Attaf dijo que no fue un error que la conferencia se celebrara en Argelia, un país que sufrió la forma más brutal de dominio colonial francés y libró una guerra sangrienta entre 1954 y 1962 para obtener la independencia.
El impacto fue de gran alcance: casi un millón de colonos europeos obtuvieron mayores privilegios políticos, económicos y sociales, a pesar de que Argelia era legalmente parte de Francia y su pueblo fue reclutado durante la Segunda Guerra Mundial.

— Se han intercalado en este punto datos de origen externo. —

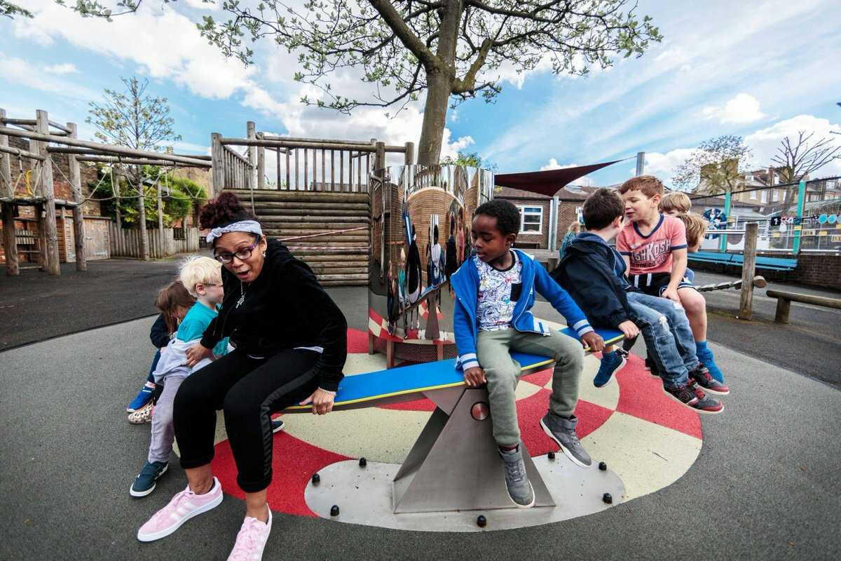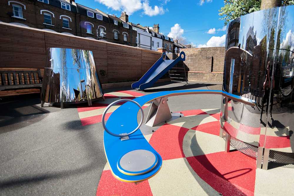 Детская площадка при научной лаборатории школы Элеоноры Палмер в Кентиш-Тауне (Лондон). Архитекторы студии Unit Lab расставили по периметру игровой зоны цилиндрические зеркала. Если смотреть в выпуклые фигуры, то концентрические красно-белые круги на асфальте превращаются в ровную шахматную сетку, а отражения детей искажаются, что позволяет разбавить образовательный процесс весельем.
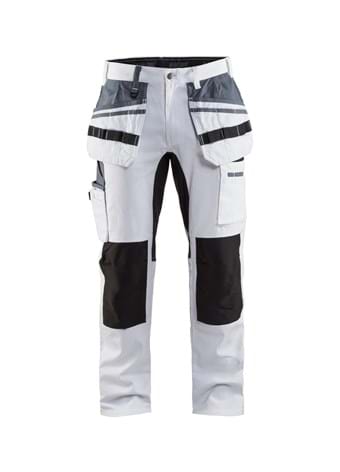 1910-1000-1099Moderne og komfortable maler bukser med værktøjslommer, udvendige knælommer og stretch zoner på skridt, knæ, bagdel og læg for øget bevægelsesfrihed og komfort. Materialet har fremragende absorberingsegenskaber takket være den høje andel af bomuld. Bukserne har mange funktionelle lommer og en specialdesignet, forstærket lomme til malerværktøj. Malerværktøjslomme og sømlommer er forstærket med CORDURA® stof og knæene med stretch CORDURA® for øget komfort.

Decenas de miles de personas murieron en la revolución del país, durante la cual las fuerzas francesas torturaron a prisioneros, desaparecieron sospechosos y destruyeron aldeas como parte de una estrategia de contrainsurgencia para mantener su control del poder.
“Nuestro continente tiene el ejemplo de la amarga experiencia de Argelia como un modelo raro, casi sin igual en la historia, en su naturaleza, su lógica y su práctica”, afirmó Attaf.
La experiencia de Argelia ha informado durante mucho tiempo su posición sobre el disputado Sáhara Occidental, una antigua colonia española reclamada por el vecino Marruecos y el Frente Polisario, partidario de la independencia.
El domingo, Attaf lo enmarcó como un caso de descolonización incompleta, haciéndose eco de la posición oficial de la Unión Africana, incluso cuando un número creciente de estados miembros han tomado medidas para apoyar los reclamos de Marruecos sobre la región.
La llamó “la última colonia de África” y elogió la lucha de los indígenas saharauis para hacer valer su derecho legítimo y legal a la autodeterminación, garantizado –y constantemente reafirmado– por la legitimidad internacional y la doctrina de descolonización de la ONU.
Argelia ha presionado durante décadas para enfrentar el colonialismo a través del derecho internacional, incluso cuando sus líderes actúan con cuidado para evitar una escalada de tensiones con Francia, donde el legado de la guerra es políticamente sensible.
El presidente francés, Emmanuel Macron, describió en 2017 los elementos de la historia como crímenes contra la humanidad, pero no llegó a emitir una disculpa oficial e instó a los argelinos a no insistir en las injusticias del pasado.
Mohamed Arezki Ferrad, miembro del parlamento de Argelia, dijo a The Associated Press que las reparaciones no eran simbólicas y añadió que los artefactos argelinos saqueados por Francia aún no habían sido devueltos. Entre ellos se incluye el Baba Marzug, un cañón del siglo XVI que permanece en Brest.
A principios de noviembre, The Guardian informó sobre llamamientos similares en el Caribe, con una delegación de organizaciones que lideran el movimiento de venganza contra la esclavitud en la región preparándose para visitar el Reino Unido para abogar por el tema.
Los gobiernos caribeños también han pedido el reconocimiento del legado de larga data del colonialismo y la esclavitud y una justicia reparadora de los ex colonizadores, incluidas amnistías formales completas y formas de compensación financiera.